01 March 2012

Cardinal George: "We would love to have it ended as quickly as possible. It’s up to the government to stop the attack"

Writing in his column in the Catholic New World, His Emincence Francis Cardinal George, Archbishop of Chicago, recently considered the implications of the mandate of the Department of Health and Human Services, if it is not rescinded:
What will happen if the HHS regulations are not rescinded? A Catholic institution, so far as I can see right now, will have one of four choices: 1) secularize itself, breaking its connection to the church, her moral and social teachings and the oversight of its ministry by the local bishop. This is a form of theft. It means the church will not be permitted to have an institutional voice in public life. 2) Pay exorbitant annual fines to avoid paying for insurance policies that cover abortifacient drugs, artificial contraception and sterilization. This is not economically sustainable. 3) Sell the institution to a non-Catholic group or to a local government. 4) Close down.
None of these four options are helpful, but they do achieve the Administration's aim to remove faithful Catholics from public life.

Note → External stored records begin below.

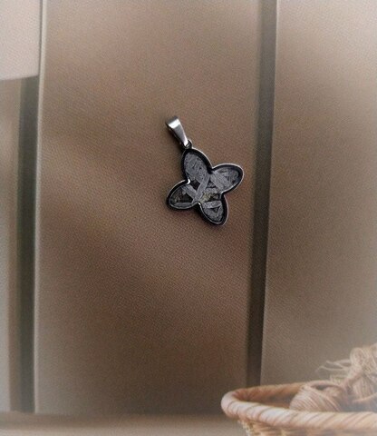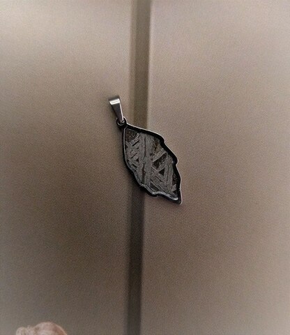 Кулон выполнен из стали и метеорита Алетай. Вставка из метеорита находится под закаленным стеклом...
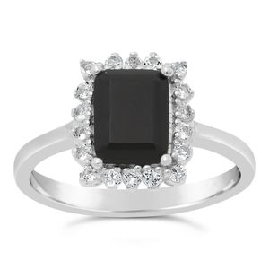 925 Sterling silver 8x6 MM Emerald Cut Black Onyx Ring with White Topaz Accent
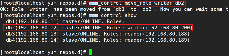 db1(192.168.80.11) master/ONLINE. Roles: writer(192.168.80.200)
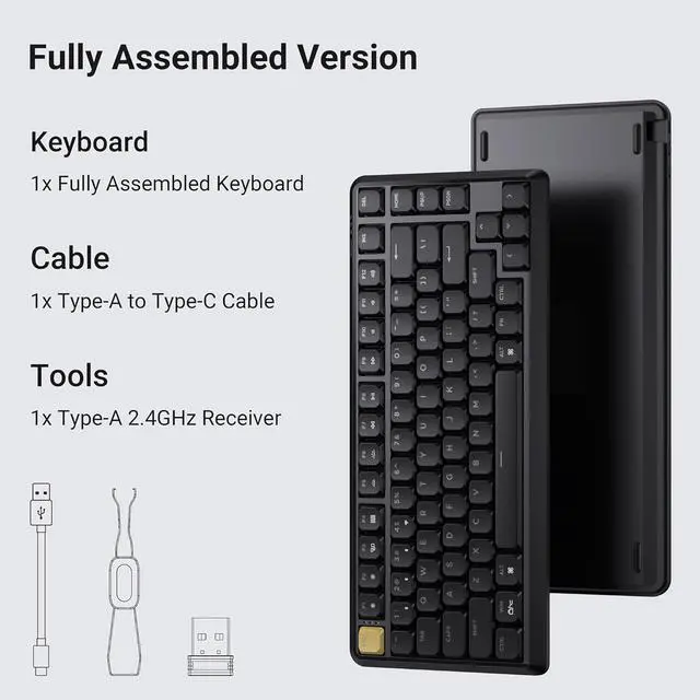 2.4G, Bluetooth 5.2, and Wired Modes: Switch seamlessly between three connection modes. Connect up to three devices via Bluetooth 5.2, or use the 2.4 GHz wireless or Type-C wired modes for stable, high-speed performance across setups
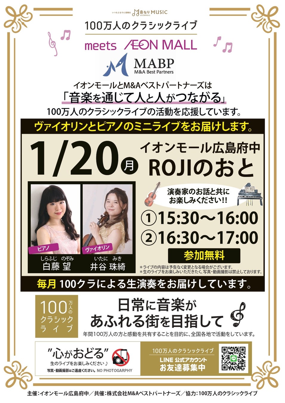 製造、建設、不動産、医療・ヘルスケア、物流、ITに特化したM&A仲介を⾏う株式会社M&Aベストパートナーズ(本社:東京都千代田区、代表取締役社長:齋藤 達雄 以下M&Aベストパートナーズ)は、イオンモール広島府中にて、クラシックライブ(協力:一般財団法人100万人のクラシックライブ 以下100万人のクラシックライブ)を、1月20日(月)に開催することをお知らせいたします。
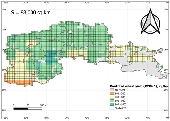 According to Table 2, the average wheat yield under RCP 2.6 was 831.1 kg/ha in the North Kazakhstan region. To illustrate the spatial variability of wheat yield, a map was compiled based on the crop model and environmental data (Figure 3). The results demonstrated the homogeneous distribution of wheat yield over the study area, since around 70% of wheat fields had 800–900 kg/ha yield under RCP 2.6. Potentially, in almost 20% of the study area, which is primarily located in the southwestern part, farmers could harvest the highest yield of 900–1000 kg/ha of wheat without any technological modernizations and genetic modifications in the mid-century. Nevertheless, eastern and southwestern parts of the study area, which are located in the arid steppe zone, had the lowest yield of 600–700 kg/ha (<3%) and 700–800 kg/ha (10%), respectively.
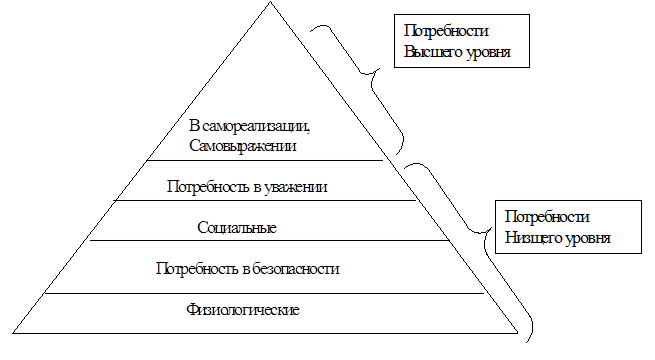 Согласно концепции А. Маслоу, потребности более высокой ступени возникают и начинают выступать мотивирующим фактором, если удовлетворены хотя бы частично потребности предыдущей ступени. Потребности более высокого уровня становятся актуальными, если в достаточной мере удовлетворены базовые 1.2 ступеней.
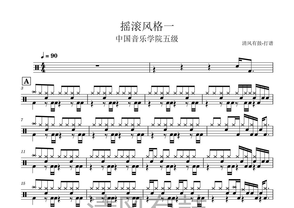 摇滚风格一架子鼓谱 - 中国音乐学院爵士鼓考级
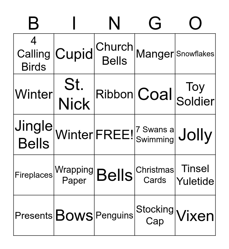 This bingo card has a free space and 24 words: Wrapping Paper, Bows, Ribbon, Presents, Snowflakes, 4 Calling Birds, Winter, Cupid, 7 Swans a Swimming, Bells, Coal, Jingle Bells, Christmas Cards, Tinsel Yuletide, St. Nick, Stocking Cap, Jolly, Church Bells, Toy Soldier, Winter, Vixen, Fireplaces, Manger and Penguins.
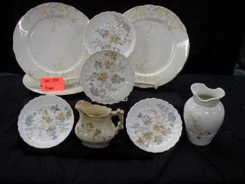 1900, ENGLISH, IRONSTONE & SEMI PORC OUTLINED FLORAL DESIGN LOT INCLUDES (3) PLATES, (4) BOWLS, (1) 6in VASE, (1) CREAM PITCHER, 9 PCS
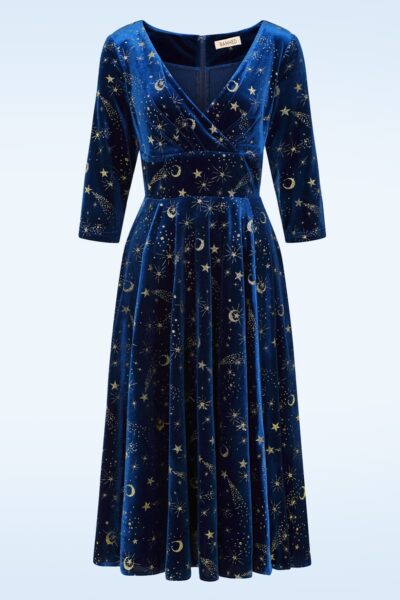 “Where sparkle meets sophistication!” Voel de magie van de nacht in de betoverende Moonlit Stardust swing jurk. Met een elegante V-halslijn, flatterende 3/4 mouwen en een zwierige rok die je silhouet prachtig laat uitkomen. Uitgevoerd in middernachtblauw met een glanzende, stretchy stof die aanvoelt als fluweel, en bezaaid met glinsterende goudkleurige sterren en maantjes voor een echte avondlook. * Swing jurk * V-hals met vaste overslag  * Gevoerde top * 3/4 mouwen * Rits- en haaksluiting achterzijde * Reikt bij een lengte van 1,70 m over de knie

As part of his considerations, Cardinal George distinguishes between the freedom of religion - as guaranteed by the First Ammendment - and the incorrect interpretation of that freedom as simply the freedom of worship:
The provision of health care should not demand “giving up” religious liberty. Liberty of religion is more than freedom of worship. Freedom of worship was guaranteed in the Constitution of the former Soviet Union. You could go to church, if you could find one. The church, however, could do nothing except conduct religious rites in places of worship-no schools, religious publications, health care institutions, organized charity, ministry for justice and the works of mercy that flow naturally from a living faith. All of these were co-opted by the government. We fought a long cold war to defeat that vision of society.
The Constitution does not guarantee a freedom of worship, but of religion, which encompasses the living of a moral life; religion, if it is authentic, shapes every aspect of an adherent's life.  It cannot simply be compartmentalized.

His Eminence also considers the charge that the Bishops are not respecting the so-called separation of Church and State:
The bishops would love to have the separation between church and state we thought we enjoyed just a few months ago, when we were free to run Catholic institutions in conformity with the demands of the Catholic faith, when the government couldn’t tell us which of our ministries are Catholic and which not, when the law protected rather than crushed conscience. The state is making itself into a church.
In the end, it should be remembered that "the bishops didn’t begin this dismaying conflict nor choose its timing. We would love to have it ended as quickly as possible. It’s up to the government to stop the attack."